GOAL OF THE EXERCISE:
Transcribe nothing except the lines below that run from the one with "Freshly baked delicious" to the one with "Description: 1988 Score Mike Schmidt #16", ends included, and do not copy any picture.

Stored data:
┏━━
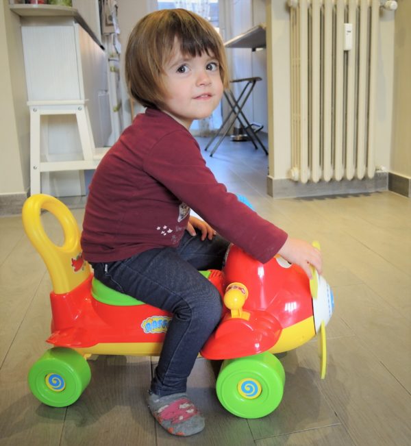 Raffaello aeroplanino 4 in 1 è un nuovo divertente cavalcabile, adatto sia per i primi passi, che più avanti. È elettronico, parla e si illumina ed è 4 in 1 proprio perchè ha anche un ricco kit di giochi che può essere riposto nel vano portagiochi sotto il sellino dell’aeroplanino.
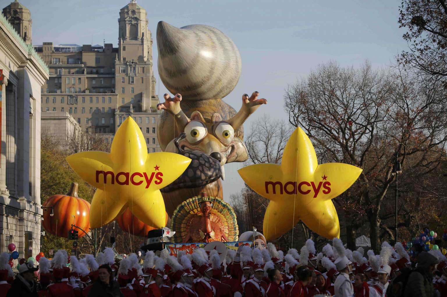 Floats gather on Central Park West prior to start of the 89th Macy's Thanksgiving Day Parade.
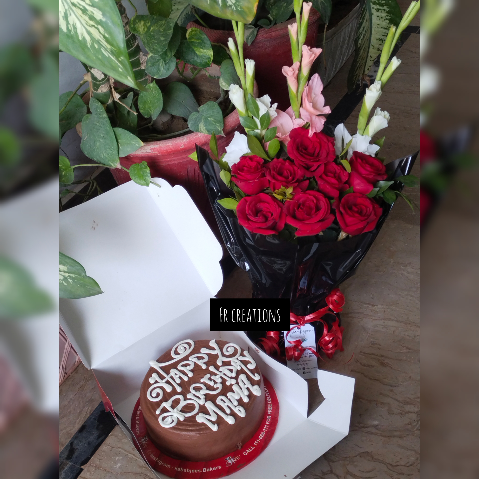Freshly baked delicious 2 lbs chocolate cake procured from a well-known bakery of the town comes along a beautiful red roses bouquet.
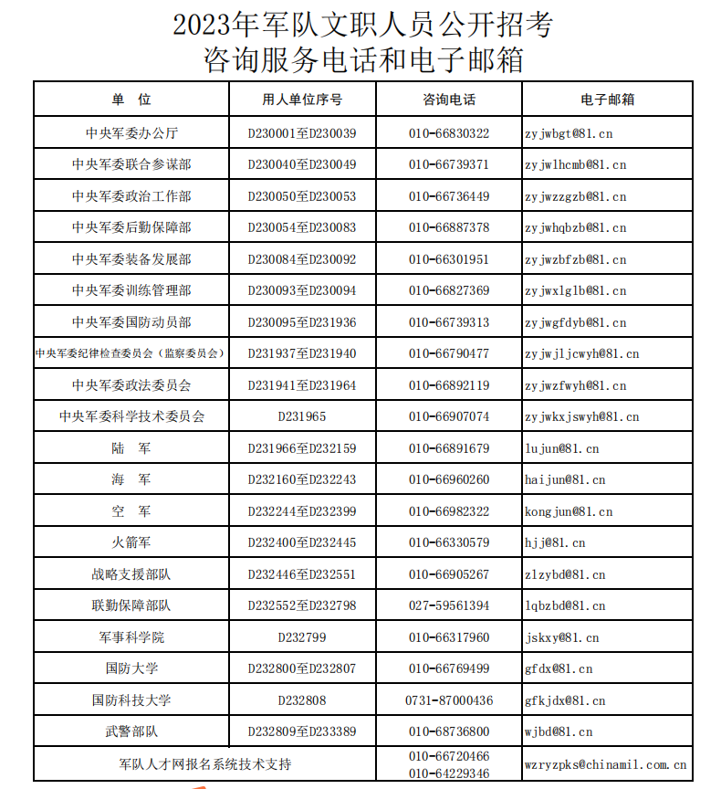 2024年軍隊(duì)文職人員公開(kāi)招考咨詢服務(wù)電話和電子郵箱
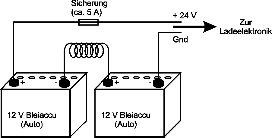 Als Versorgungsspannung sollen 2 Autobatterien genommen werden, das bedeutet eine Versorgungsspannung von 24 V.
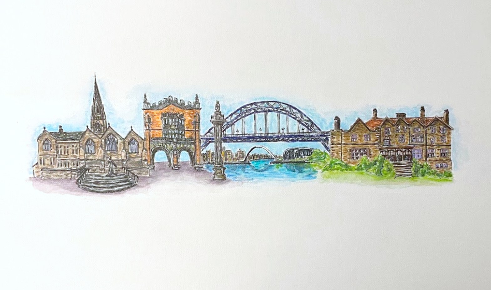 I had the BEST time creating this bespoke wedding guestbook canvas for a lovely couple. The bride was even so kind as to let me post about it before their wedding day next month. The theme of this one was different places in Newcastle. I love when there’s a mixture of old and new architecture, some water, and some variation in the horizon, so this set of locations for me was just perfect.
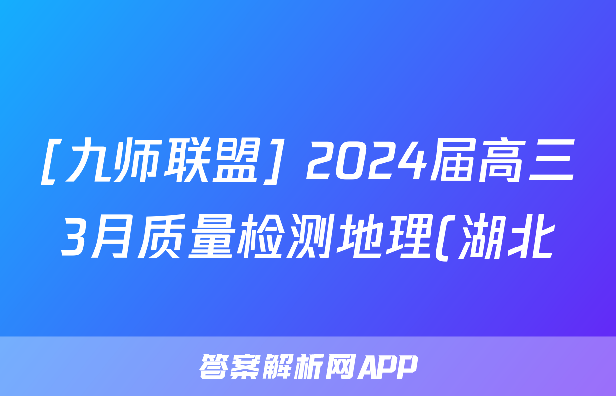 [九师联盟] 2024届高三3月质量检测地理(湖北)答案正在持续更新,目前2026天舟高考答案网为大家整理了相关试题及答案,供大家查缺补漏,高效提升成绩。
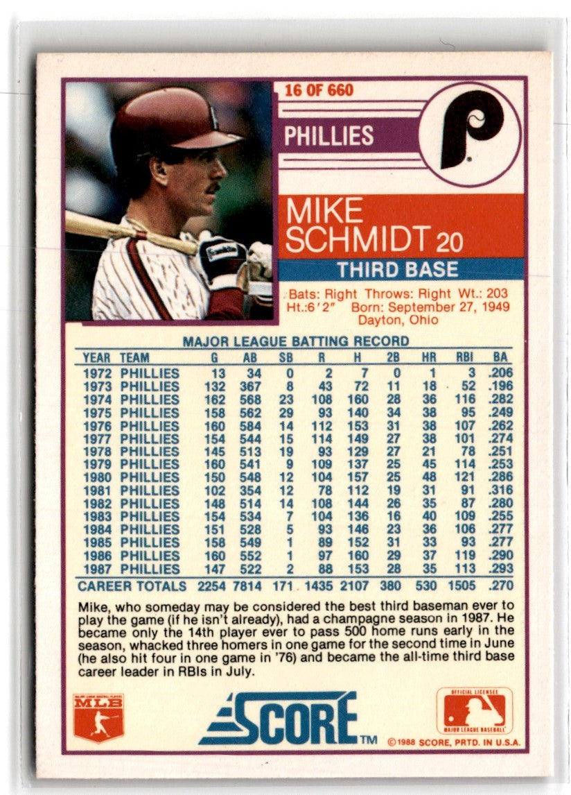 Description: 1988 Score Mike Schmidt #16
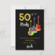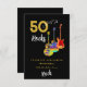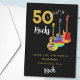 50 Rocks 50 cumpleaños fiesta de agradecimiento tarjeta con tres diseños de guitarra divertidos sobre fondo negro. Una guitarra eléctrica con patrón de llama de fuego y protector de escotilla roja, una guitarra multicolor semiacústica y un ilustracion de arte de guitarra acústica clásico psicodélico con tipografía fresca moderna en negro y oro personalizada. Esta plantilla fácil de usar para cambiar la edad y el nombre crea el fiesta perfecto gracias a favor de pegatina de bolsos para celebrar cincuenta al estilo rock and roll y es ideal para un guitarrista, músico y amante de la música. Cualquier guitarrista te dirá que nunca puedes tener demasiadas guitarras. Este moderno diseño musical de instrumentos musicales celebra la energía musical de este maravilloso instrumento musical y es la manera perfecta de rodar una celebración de 50 años. Pintura original de la artista Catherine Sweetman
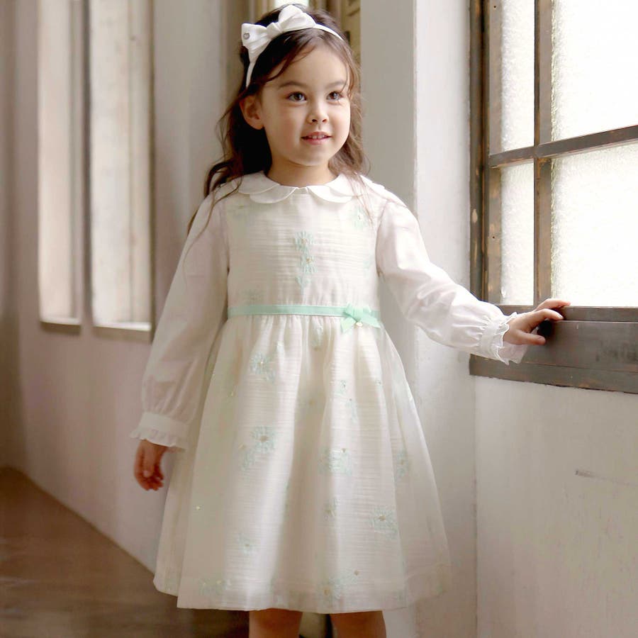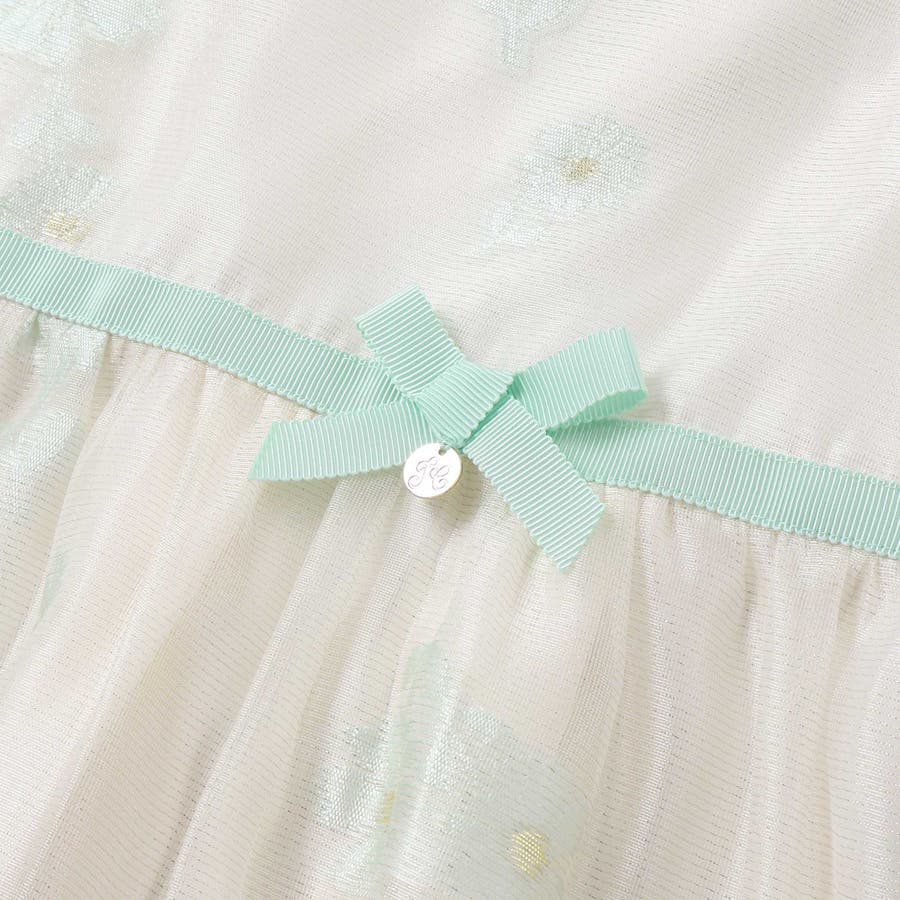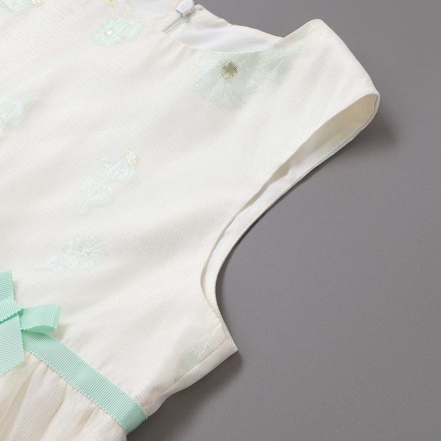 ウエストの切り替えにはグログランテープのラインとリボンをあしらい、リボンにはチャームを添えて華やかさをプラス。
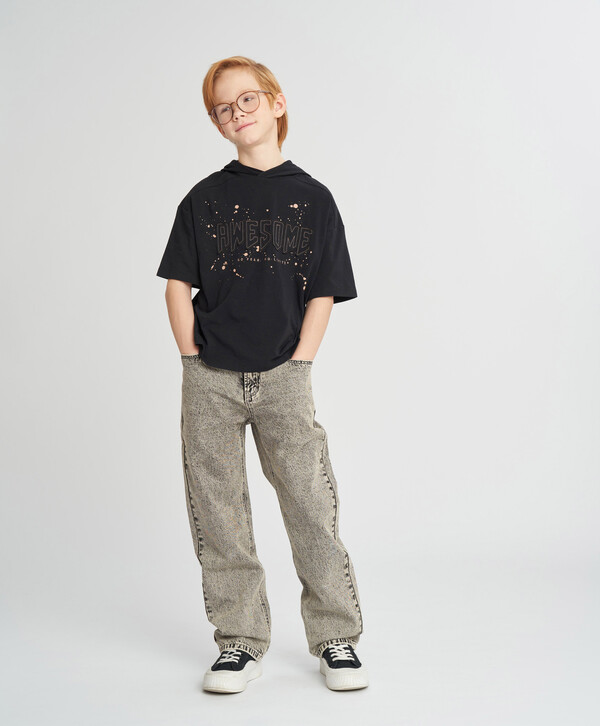 Серые джинсы универсальные – подходят мальчикам и девочкам. Модель из хлопка плотная, но дышащая, застегивается на молнию и крючок, имитирующий пуговицу. За идеальную посадку отвечает скрытая тесьма на пуговке, которой можно отрегулировать объем. Джинсовые брюки regular fit удобные, облегают бедра, но не обтягивают, прямые по длине, есть шлевки для ремня и карманы. Градус стиля повышает эффект варенки. Джинсы для мальчика и девочки отлично впишутся в повседневный гардероб благодаря нейтральному серому цвету, но также подойдут для прогулок, учебы и путешествий.
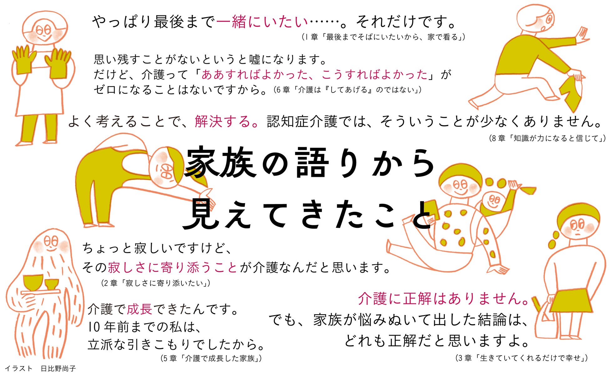 一人ひとりの語りとそれに対する【解説】には、明日からの介護生活に役立つ、介護者が知っておきたいことが満載。不安や悩み、暮らしの工夫、向き合い方……家族の語りから見えてきたことがありました。
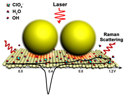 贵金属表面氧化过程的中间物,OH-吸附物种,在表面氧化物膜形成过程、氧还原过程、有机小分子电氧化/还原等电催化过程中起着非常重要的作用。但是至今对该中间物种的研究局限于传统电化学技术以及理论计算基础上的猜测,仍然无法获得金属单晶表面与中间物种成键过程的直接证据。目前以表面增强拉曼光谱(SERS)技术对金表面的氧化过程研究中,受限于信号增强模式,只能在粗糙化的表面获得足够的拉曼信号,无法应用于原子级平滑的单晶表面。在本篇工作中的电化学SHINERS技术,突破了长期以来在表面形貌、基底材料方面限制,在原子级平滑的金单晶表面,原位监测了表面电氧化过程中,反应中间物种AuOH/AuO的电化学过程。于此同时,本篇工作系统地研究了晶面取向、pH值以及阴离子效应对该过程以及中间物种的影响。实验结果与理论计算值得到了较好的匹配结合,验证了在电化学界中长期以来只能基于传统方法以及理论计算上的猜测。本篇工作展示了一种在原子级平滑单晶表面进行原位检测反应过程的独特方法,为催化剂设计乃至能源材料创新提供了可靠的研究技术。
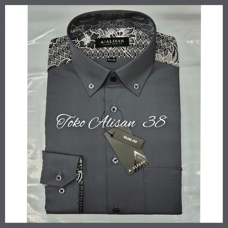 Kemeja Alisan Polos Slim Fit Model Pundak Batik Lengan Panjang (100 PERSEN Ori)
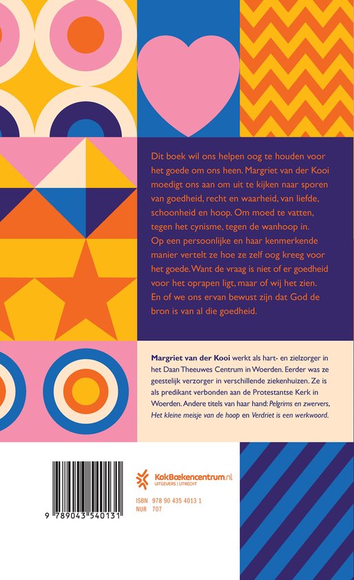 Goedheid voor het oprapen van Margriet van der Kooi is een positief boek voor deze donkere tijd, met een open blik voor de mooie dingen in de wereld om ons heen. De auteur ontmoet en spreekt veel mensen en heeft de gave om het beste in mensen naar boven te halen. Dit ontroerende boek bemoedigt lezers en helpt ze om oog te blijven hebben voor het licht in de duisternis. Door de fraaie vormgeving is het boek zeer geschikt om cadeau te geven.
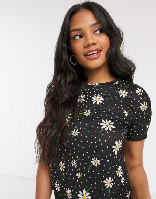 ASOS DESIGN - Mix & Match - T-shirt de pyjama à imprimé pâquerettes - Noir
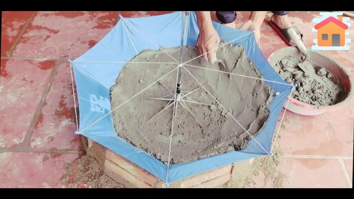 Отличный фонтан из зонтика. Мастер цементного дела знает в этом толк.
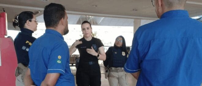 Palestras da Operação Shamar e campanha Agosto Lilás abordaram tipos de violência, medidas protetivas e canais de denúncia dentro dos veículos; ação foi convidada pela PRF
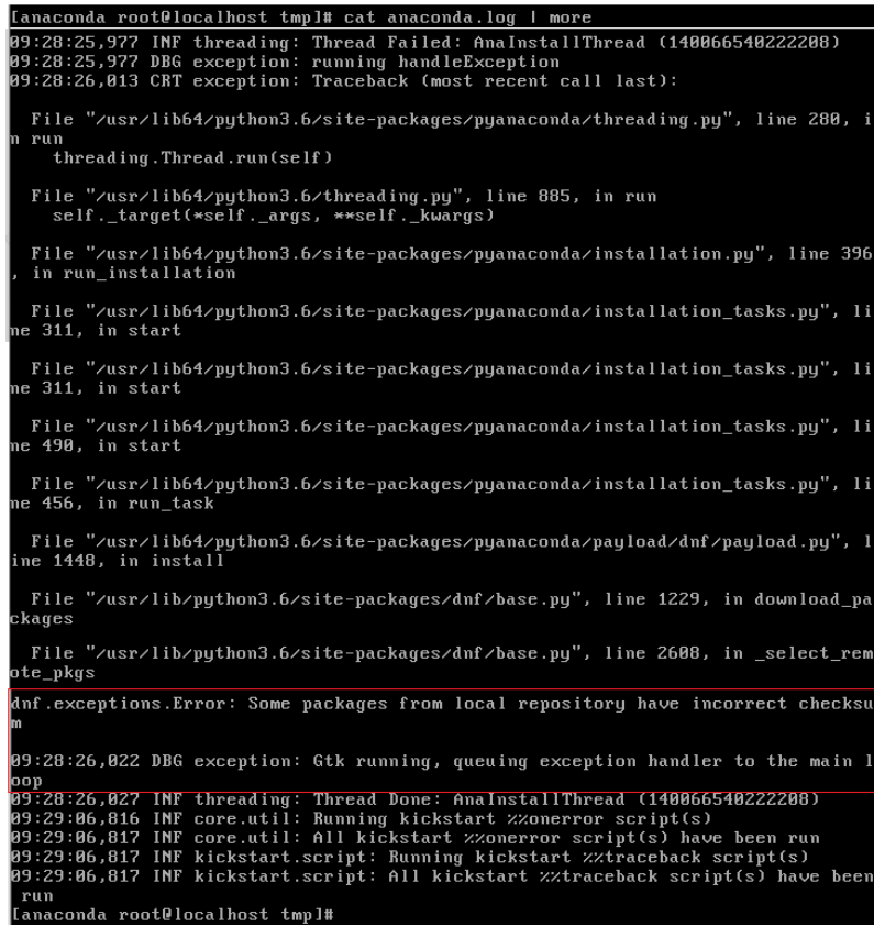 (2)所幸查看文件的命令cat 及 vi还可以正常使用,检查anaconda.log,发现存在报错Trace日志,报错原因是部分packages包存在错误的checksum值,导致系统安装过程异常:
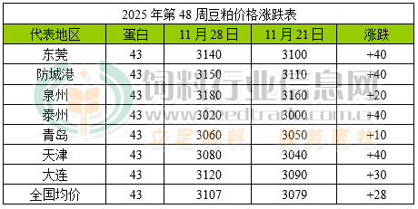 美盘大豆期价上行带动进口大豆价格上涨,对市场提供支撑,增强工厂对豆粕的挺价意愿,令豆粕价格跟随出现上行走势。不过目前油厂豆粕产量较大但出货有限库存继续增加,供应宽松限制豆粕价格上涨幅度。据饲料行业信息网统计数据显示,沿海地区43%蛋白豆粕价格为3107元/吨,较上一周上涨28元/吨。虽说进口大豆价格上行及下游需求逐渐增量支撑豆粕价格维持偏强运行,但美盘大豆上涨乏力,且豆粕产量大于需求数量后库存继续增加,供应宽松预期继续限制其上涨幅度。
┗━━
TASK SOLUTION:
Freshly baked delicious 2 lbs chocolate cake procured from a well-known bakery of the town comes along a beautiful red roses bouquet.
 2024年軍隊(duì)文職人員公開(kāi)招考咨詢服務(wù)電話和電子郵箱
 Als Versorgungsspannung sollen 2 Autobatterien genommen werden, das bedeutet eine Versorgungsspannung von 24 V.
 I had the BEST time creating this bespoke wedding guestbook canvas for a lovely couple. The bride was even so kind as to let me post about it before their wedding day next month. The theme of this one was different places in Newcastle. I love when there’s a mixture of old and new architecture, some water, and some variation in the horizon, so this set of locations for me was just perfect.
 [九师联盟] 2024届高三3月质量检测地理(湖北)答案正在持续更新,目前2026天舟高考答案网为大家整理了相关试题及答案,供大家查缺补漏,高效提升成绩。
 Description: 1988 Score Mike Schmidt #16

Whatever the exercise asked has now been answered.